In its adoption of the findings of fact and conclusions of law of the ALJ, the Commission found that appellant failed to prove that he sustained an injury arising out of and in the course of his employment. In support of this, the ALJ opined that although appellant specified the time of the onset of pain while lifting the log, the testimony of his co-workers indicated that appellant did not know the cause of his back pain the following day. Further, the ALJ found that the only testimony indicating that appellant sustained a work-related injury was the testimony of the appellant; however, the ALJ did not find that appellant lacked credibility. See Lowe v. Car Care Marketing, 53 Ark. App. 100, 919 S.W.2d 520 (1996).

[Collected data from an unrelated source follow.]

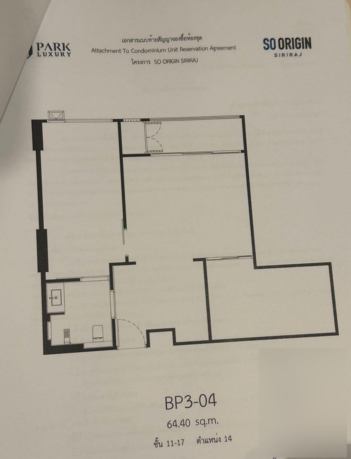 CM04334 ขายดาวน์ โซ ออริจิ้น เวลเนส ศิริราช So Origin Wellness Siriraj ถนนพรานนก แขวงบ้านช่างงหล่อ เขตบางกอกน้อย กทม. **ข้อมูลห้อง** ห้อง So Wellness Reserve เลขที่ 1514 ชั้น 15 พื้นที่ห้อง 64.40 ตรม. 2 ห้องนอน 1 ห้องน้ำ ใกล้ MRT ไฟฉาย **ราคาหน้าสัญญา 6,601,100 บาท (จะได้ส่วนลด 200,000 จากโครงการคืน หลังโอน) ปัจจุบันผ่อนดาวน์งวดละ 10,900 บาท/เดือน งวด 27 จาก 32 งวด **ราคาขายดาวน์ 390,000 บาท *รายการโปรโมชั่น* 1 Build in Microwave 1 รายการ 2 Digital door lock 1 รายการ 3 Home Automation 1 รายการ 4 ก๊อกอ่างล้างจาน 1 รายการ 5 เครื่องดูดควัน 1 รายการ 6 เครื่องปรับอากาศ 18000 BTU 1 รายการ 7 เครื่องปรับอากาศ 36000 BTU 1 รายการ 8 เครื่องปรับอากาศ 9000 BTU 1 รายการ 9 ฉากกั้นอาบน้ำ 1 รายการ 10 ชั้นวางทีวี1 รายการ 11 ชุดครัว 1 รายการ 12 ตู้กระจก 1 รายการ 13 ตู้ครอบตู้เย็น 1 รายการ 14 ตู้เสื้อผ้า 1 รายการ 15 เตาไฟฟ้า1 รายการ 16 เตียงนอน 6 ฟุต 1 รายการ 17 อ่างล้างจาน 1 รายการ 18 Origin Healthcare Club Member Normal Package 1 ปี 1 รายการ 19 ส่วนลด 200,000 บาท ณ วันโอนกรรมสิทธิ์ คอนโดเป็นส่วนตัว ยูนิตน้อย -ใจกลางศิริราช ใกล้รพ.ศิริราช, ศิริราช ปิยะมหาราชการุณย์ 1.7 กิโลเมตร - 70 เมตรถึงรถไฟฟ้า MRT สายน้ำเงิน สถานีไฟฉาย อนาคต สายสีส้ม -ฟู้ดแลนด์ จรัญฯ, เซ็นทรัลปิ่นเกล้า เดินทางเข้าพรานนก พุทธมณฑล อนาคตเชื่อมพุทธมณฑลสาย 3,4 -ใกล้ รพ เอกชน หลายที่ อาทิ วิชัยเวชไฟฉาย ปิยะเวท พรานนก ธนบุรี 1 รพ.รักษ์ข้อ มีรถรับ-ส่ง รพ. ศิริราช คอนโดสร้างเสร็จ Q3 ปี 2569 (65% done) *สนใจติดต่อได้ที่ 086-802-5609 คุณป๊อบ line 0868025609* *บริการรับฝากขาย เช่า บ้าน ที่ดิน คอนโด และอสังหาริมทรัพย์ทุกประเภท ฟรีค่าคอมมิชชั่น กรณีเจ้าของขายเอง
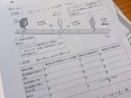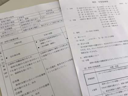 1年理科では、タブレットPCをつかい、光の屈折実験からわかることをまとめていました。
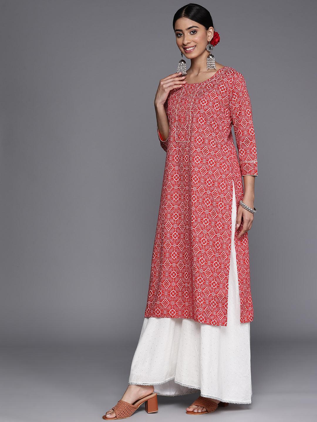 Our red Bandhani inspired print straight-fit cotton kurta features a round neckline and three-quarter sleeves. Adorned with delicate Gota Patti accents. This charming style is ideal for light festivities.
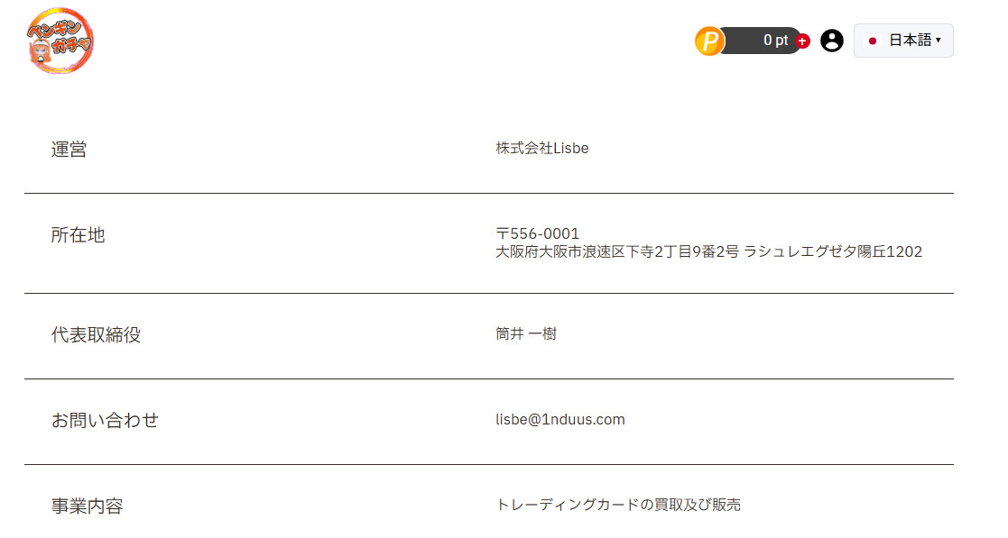 ペンギンガチャの公式サイト上には、運営会社や古物商許可証が記載されています。
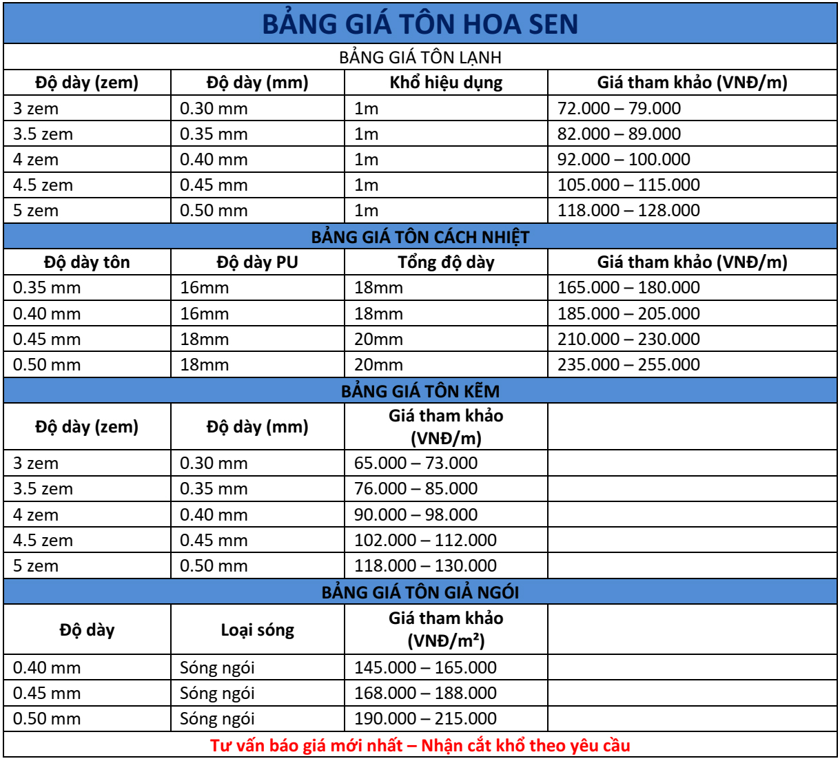 - Giá tôn lạnh Hoa Sen dao động từ 85.000 đ đến 158.000 đ (loại tôn hợp kim nhôm kẽm)
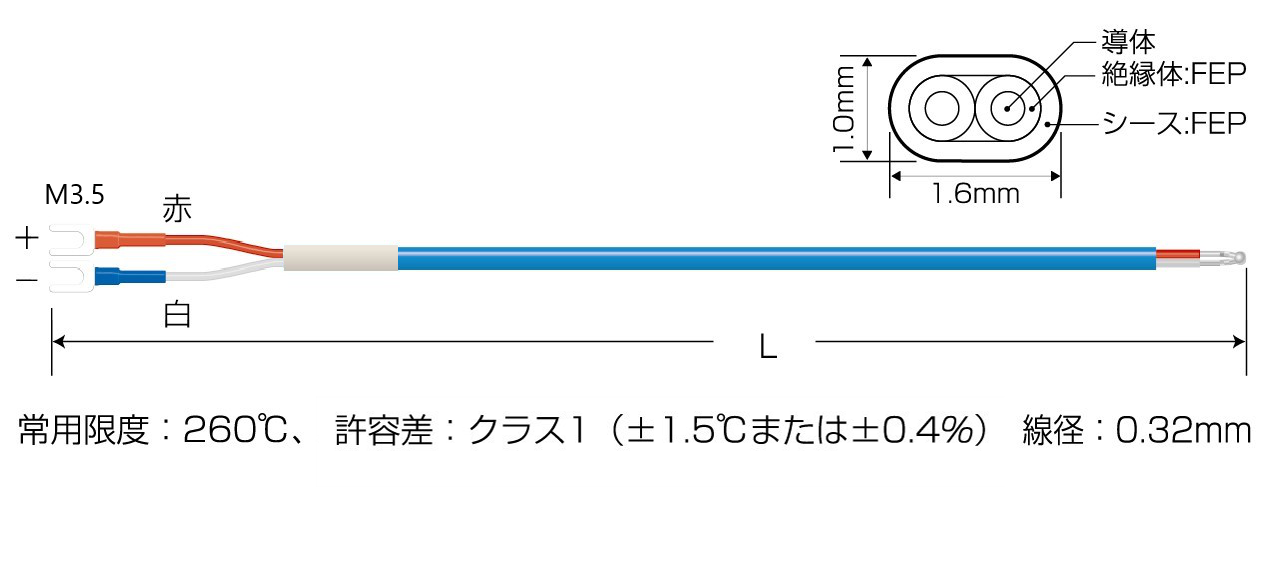 熱電対K先端溶接(デュープレックス)フッ素樹脂被覆タイプ TH-8391-2
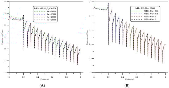 (A) Effect of Reynolds number on pressure coefficient for %2 hybrid nanofluids of Al2O3-CuO at h/H = 0.12 and P/W = 10. (B) Effect of volume fraction of hybrid nanofluids of Al2O3-CuO for Re = 25,000 at h/H = 0.12 and P/W = 10.
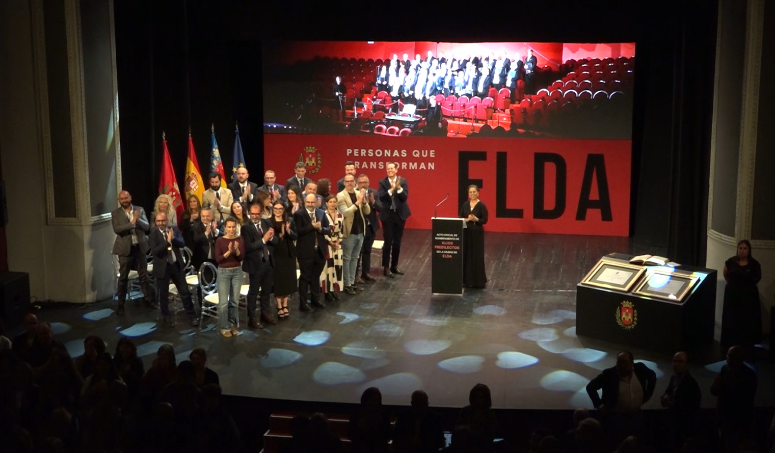 El Teatro Castelar, abarrotado de público, acogió un acto institucional cargado de sentimiento que contó con la asistencia de la Corporación Municipal al completo. La ciudad de Elda vivió una jornada histórica con la entrega de los títulos de Hija e Hijo Predilectos a Mari Carmen Segura Almodóvar y Andrés Molina Giménez, en reconocimiento unánime a sus trayectorias ejemplares y a su contribución social, cultural y humana.
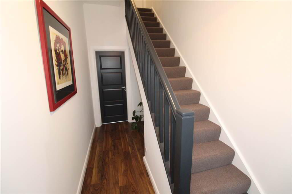 - Welcoming entrance hall with laminate flooring and carpet on stairs.
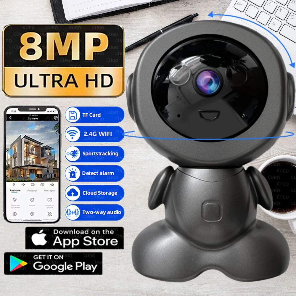 Caméra Robot WiFi sans fil 8MP, sécurité intérieure, moniteu
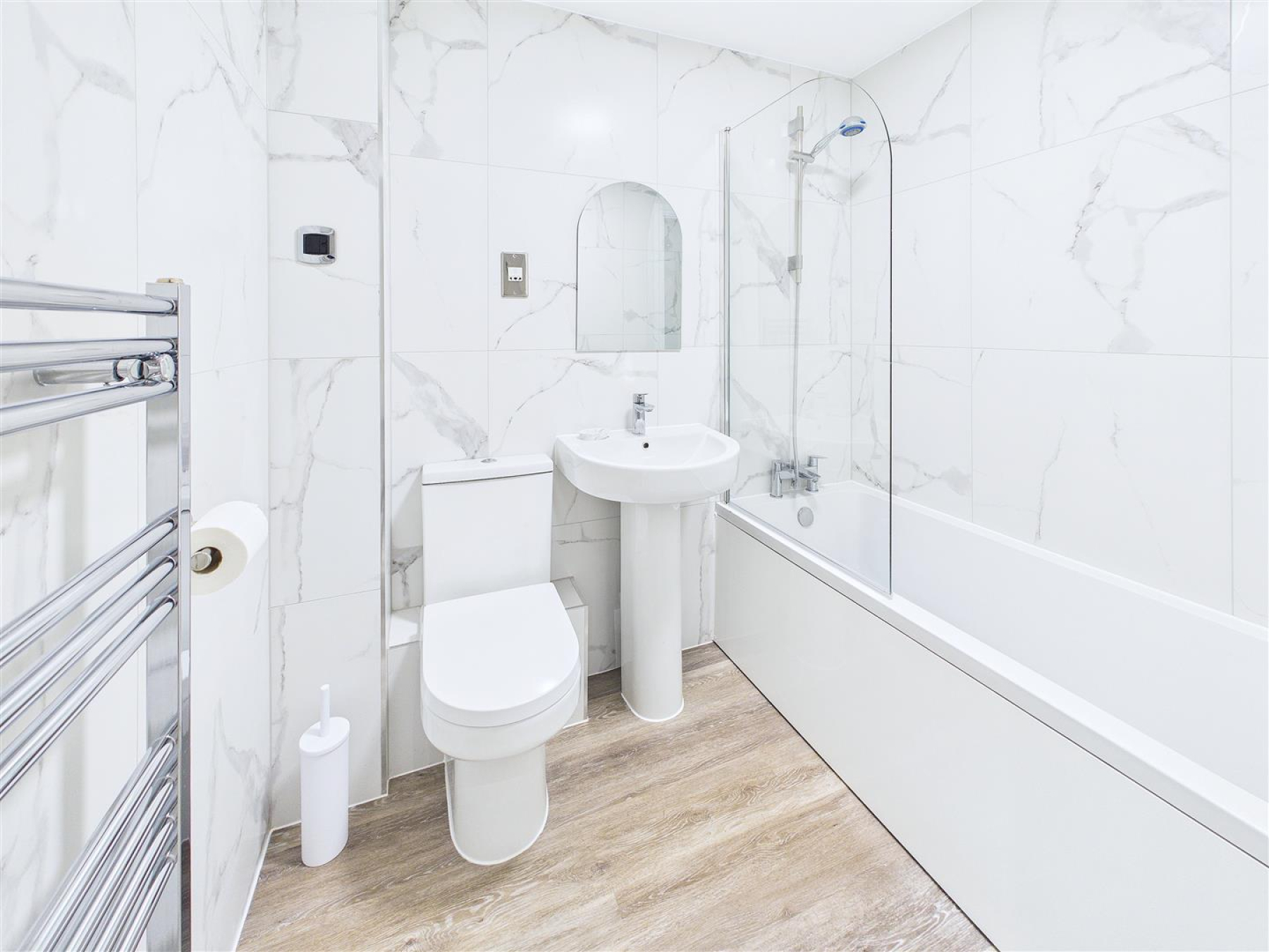 Re-Fitted Bathroom - 2.06m x 1.65m (6'9 x 5'5) - Panelled bath with shower over, close coupled WC, wash hand basin, heated towel rail.

Contrary to the findings of the Commission, the testimony of the appellant was not the only evidence presented supporting his contention that he was injured while lifting a log in the course of his employment on February 27, 2001. The uncontradicted evidence established that for eleven hours on Monday and until 4:30 p.m. on Tuesday, appellant was able to use a chainsaw to cut trees and remove debris. After leaving the job site, appellant, his supervisor, and co-worker spent the evening relaxing and sleeping at the apartment. According to appellant's testimony, the pain he experienced the following morning prevented him from being able to operate a bucket truck. His condition was such that his supervisor inquired about the necessity of him seeing a doctor and drove him to the apartment so that he could be transported to Jasper for medical treatment. This evidence, abeit circumstantial, corroborates appellant's claim of an on-the-job injury and cannot be ignored by the Commission in its de novo review of the ALJ's determination of appellant's claim. Likewise, the supervisor's observation of appellant between the date of the incident described by appellant and his return to work the following day is evidence that negates, at least circumstantially, the possibility of appellant incurring his diagnosed medical condition in an off-the-job injury.
Additionally, the medical evidence corroborates appellant's testimony as to the nature of the specific injury. We note that the initial medical report provides that appellant "popped something in his lower back yesterday" and that he "seemed to be stiff Tues[day] [and] then was in `bad' pain Wed[nesday] a.m." Dr. McCarthy's report dated April 18, 2001, states:
Calvin himself, sustained a workers' compensation injury on 2/27/01, at which point he was operating one of the extremely large chain saws after one of the ice storms, and he felt a sudden pain in his low back, never having had any problems with his back before. He was treated with an epidural steroid one time in March without any relief. He has had a worsening of his pain when he bends over. He has had a slight improvement in his gait, in that he can now walk, but he does walk with a particularly unusual gait.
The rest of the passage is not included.